What is the possibility of completely reversing the lesions? Do you see potential in that, within the next how many years? Do people get, is it true that people get better treatment with the more money they have? Like, I would just like, is this the best option, or are there better options that we don't know about? And then, well no, those are basically it. Like, I mean, it's kind of those generic, like, what if questions. Like what if, you know, you are able to reverse lesions? Would it be available for everybody? Like, you know, stuff like that, just basic stuff like that.

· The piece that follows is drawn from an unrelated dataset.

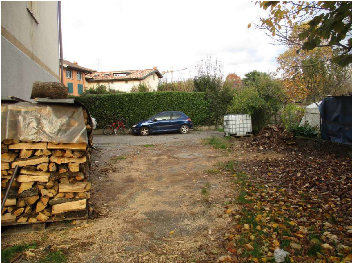
Fig. 9 – Vista del cortile condominiale (lato est)

Karen is optimistic about a future cure for MS.
Karen is optimistic about a future cure for MS.
I know in my heart that there will be a cure for MS. I would like to ask an MS expert how confident they are that there would be a cure, you know, in the next five to ten years. Yeah, that’s it. I want to know if, you know, I want to know how optimistic MS researchers are because I am. And I have to think that they have to be optimistic as well, just knowing that in 13 years, there are quadruple, you know, the amount of medications that are available now. So, there is major progress. So, yeah, what is it, what’s the missing piece, and how soon are they going to find it?